Soon after she’d boarded at the wharf in Mission City, the grizzled bargeman had removed his cap and approached the gathered ladies (herself and two stout widows, standoffish mill workers of some ilk who muttered sharp Teutonic phrases to one another). Smoothing his hair, he cautioned them: rot had eaten through the weatherbeaten former port rail; the replacement plank might yet be sticky with sap. He didn’t extend the courtesy to the liberal helping of men. Their calloused hands would be sullied soon enough.
Miss Tingley breathed in palpably moist air, a tonic, she believed, despite the bargeman’s toothless mouth. Haze drifts along the water’s surface caught her eye, and she pictured a Fraser Valley rainbow of grey (sullen clouds in heavy banks), brown (a steady expanse of river), and green (vibrant trees above striving brambles). Channeling the impulse to write toward a practical end, she reached into her mother’s gift, a petit point tapestry bag of forest grove deer that gamboled innocently rather than raiding gardens—as in daily life—for strawberries and carrots. With a stubby pencil she jotted in a notebook: “silt,” “incalculable,” “Styx,” “Charon,” “Ophelia,” “muddy death.” A lyrical history lesson for eleven students whose hearts did not beat for verse or fine sentiments, she wondered? Perchance, next winter.
Gaze sweeping from distant southern shore to barge lip (the water level in between as swollen as expected after a uniform winter of deluges) she noted the sodden hem and sighed—experience had taught her that the irksome stitched wool would not dry till midday. She gingerly raised the skirt by a fraction and braced for the influx of brisk morning air.

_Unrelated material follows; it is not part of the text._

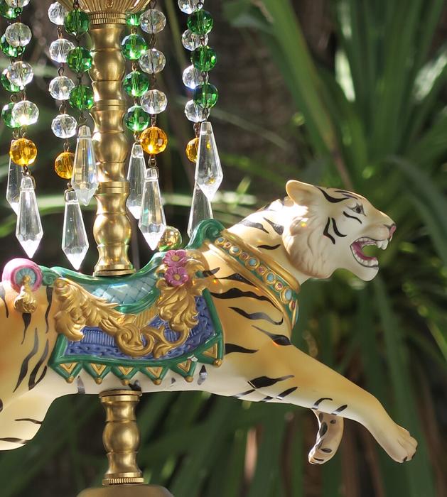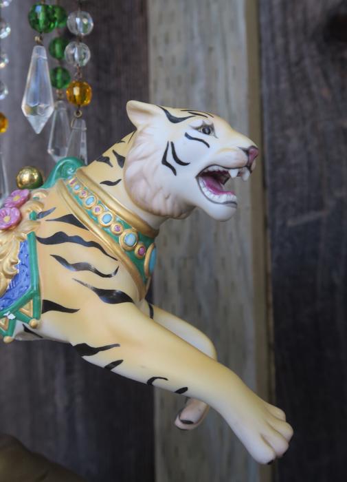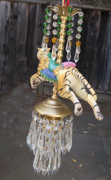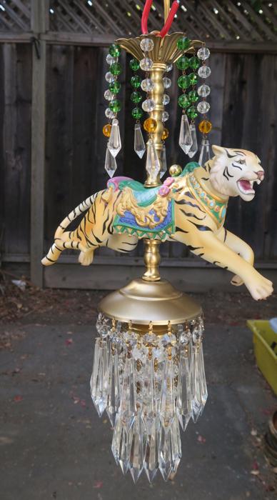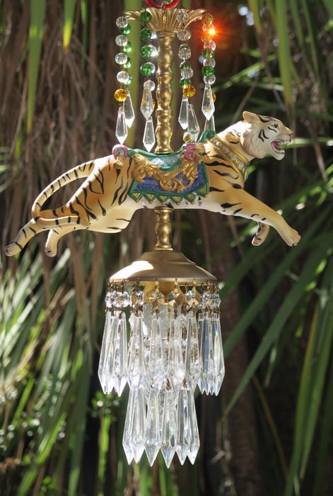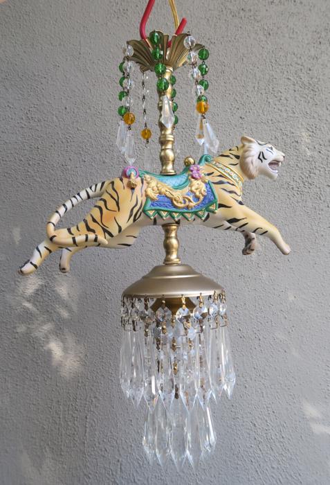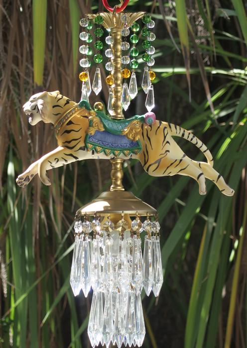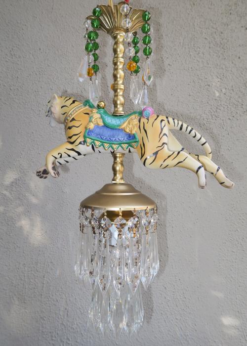 A beautiful porcelain Tiger chandelier-dripping with Sparkling European clear Crystal Prisms. Jeweled porcelain circus tiger with relief gilt enameled designs on the post. Dripping crystals at the top bobeche along with clear crystal prisms and glass purple and topaz bead garland strands; The metal is a combination of tole painted gold tone and cast brass. This is a one light fixture that takes a standard base bulb (not incl.) New wiring , has a loop at the top and - comes with 35" long electrical cord with canopy set with mounting hardware and 12.5" chain length - ready to hang in your home. The sale is for one fixture only - as shown. Fully working condition; porcelain horse in great condition; All prisms are intact, no chips, cracks etc.total measures 18.5" tall by 11" wide

For this new lesson Miss Tingley’s pupils would have to wait. Today she had bigger fish to fry, as Mrs. Dollar, her neighbour right next door, declared both fondly and often. Straddling the fence between overbearing and bearable, Mrs. Dollar frequently spoke her mind when she wasn’t freely dispensing advice. Miss Tingley sometimes loitered inside when the woman thundered through the packed mud pathways of her sloping back property, headstrong and capable in ways advanced years and a stooped posture belied. She pitied Mrs. Dollar’s husband, whose unmentionables she saw on the line far more frequently than the fellow himself. Apropos of nothing, his wife explained he was resting his eyes as she whittled down the list of chores—chop cedar kindling, dig potatoes, chase broody hens from the coop. Townsfolk made unkind mention of this ghostly man as Mrs. Dollar, a weakling who tippled to ease the pain from a slippery morning’s mill fall during the winter of the Right Honourable Sir John A. Macdonald’s sad passing.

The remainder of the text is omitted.